Tomtom program searches one or more query motifs against one or more databases of target motifs (and their DNA reverse complements), and reports for each query a list of target motifs, ranked by p-value. The E-value and the q-value of each match is also reported. The q-value is the minimal false discovery rate at which the observed similarity would be deemed significant. The output contains results for each query, in the order that the queries appear in the input file. For a given pair of motifs, the program considers all offsets, while requiring a minimum number of overlapping positions. For a given offset, each overlapping position is scored using one of seven column similarity functions defined below.

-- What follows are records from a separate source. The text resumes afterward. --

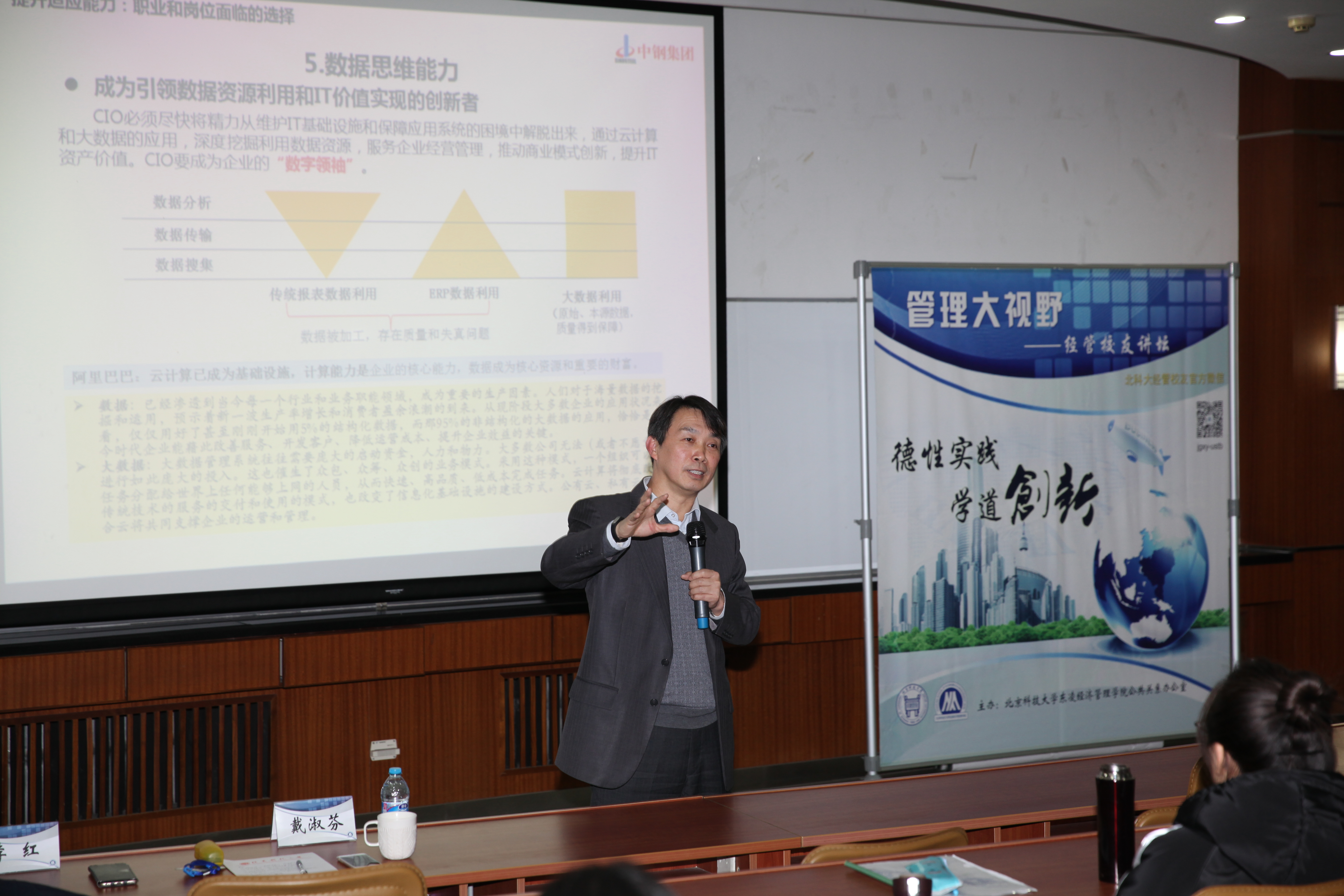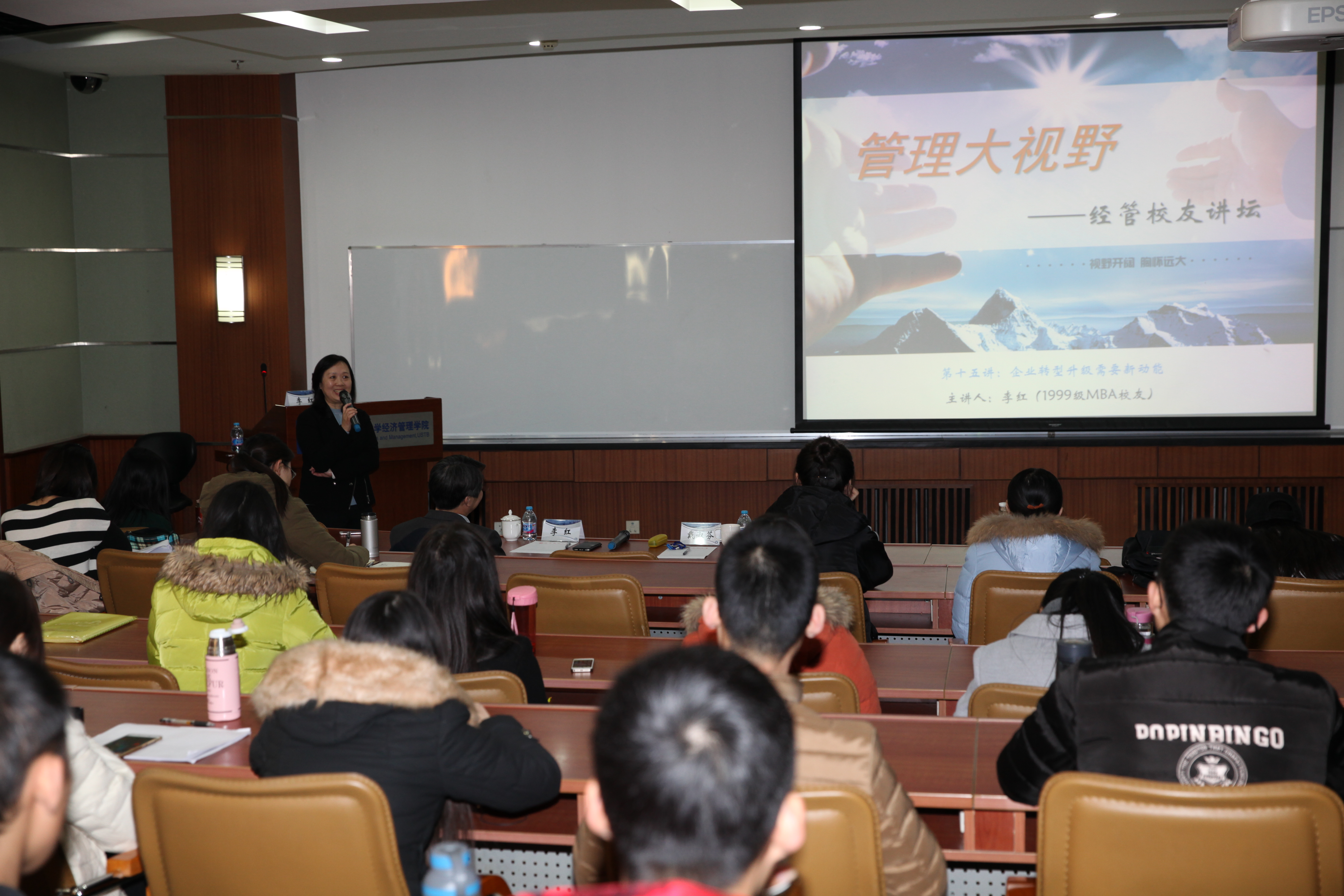 2016年11月23日,“管理大视野—经管校友讲坛”第十五讲在经管楼312教室举办。本期讲座主题为“传统企业转型升级需要利用新动能”,主讲嘉宾为探花视频 MBA1999级校友李红。李红校友目前就职于中国中钢集团公司,任信息管理中心总经理。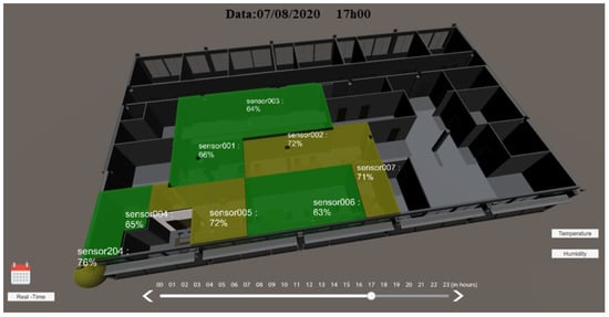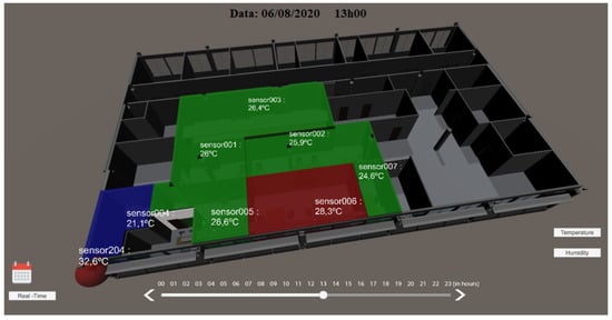 The building information model (BIM) includes the complete geometric description of the building and equipment such as furniture as well as the designation of the departments in the form of a label, which allows the visualization of the location where each sensor was installed.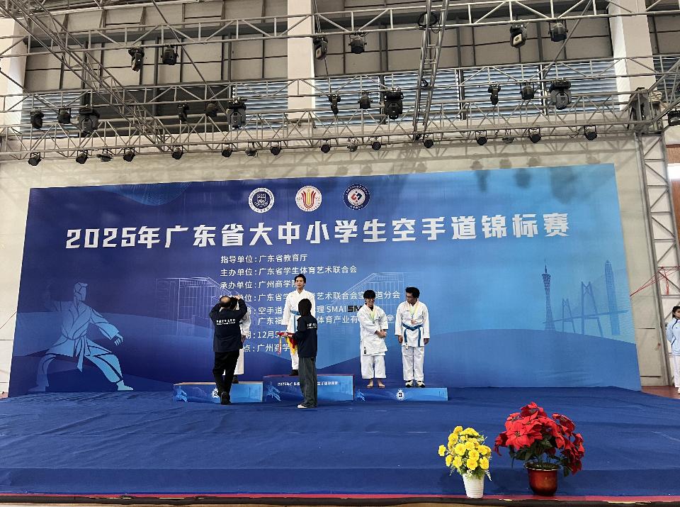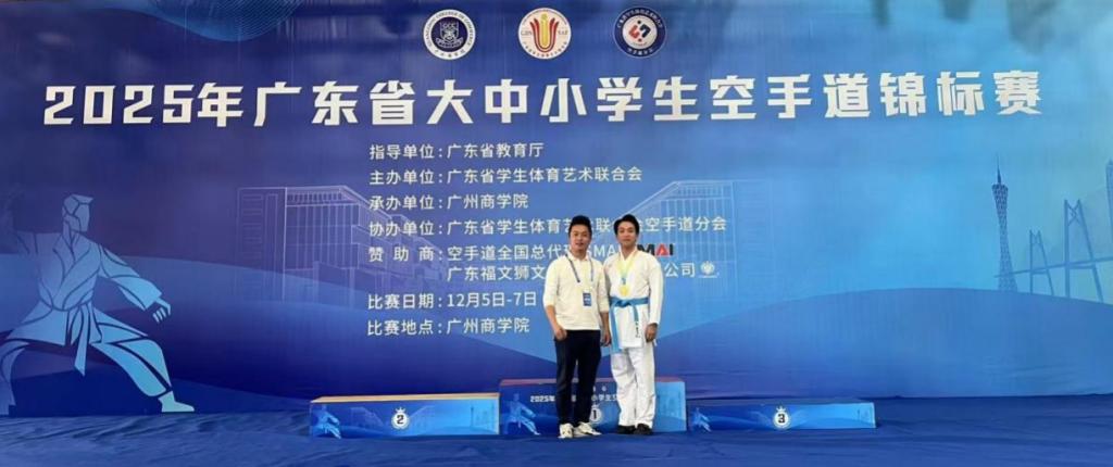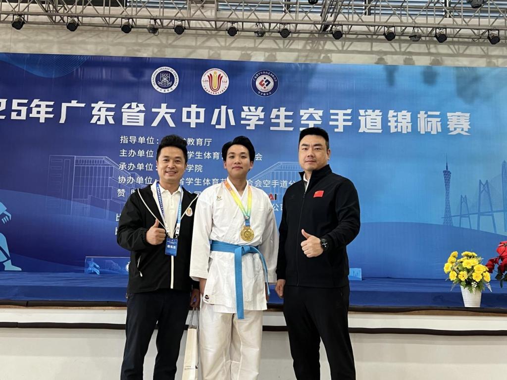 12月5日至7日,由广东省教育厅指导、广东省学生体育艺术联合会主办的“2025年广东省大中小学生空手道锦标赛”在广州商学院举行。米兰在线注册空手道代表队凭借出色的表现,在众多参赛队伍中脱颖而出,荣获男子甲组75公斤级第一名,为学校赢得了宝贵的荣誉!

Columns in the query motif that don*t overlap the target motif are assigned a score equal to the median score of the set of random matches to that column. In order to compute the scores, Tomtom needs to know the frequencies of the letters of the sequence alphabet in the database being searched (the 'background' letter frequencies). By default, the background letter frequencies included in the MEME input files are used. The scores of columns that overlap for a given offset are summed. This summed score is then converted to a p-value. The reported p-value is the minimal p-value over all possible offsets. To compensate for multiple testing, each reported p-value is converted to an E-value by multiplying it by twice the number of target motifs. As a second type of multiple-testing correction, q-values for each match are computed from the set of p-values and reported.
Parent program: meme
MEME is a tool for discovering motifs in a group of related DNA or protein sequences. MEME takes as input a group of DNA or protein sequences and outputs as many motifs as requested up to a user-specified statistical confidence threshold. MEME uses statistical modeling techniques to automatically choose the best width, number of occurrences, and description for each motif.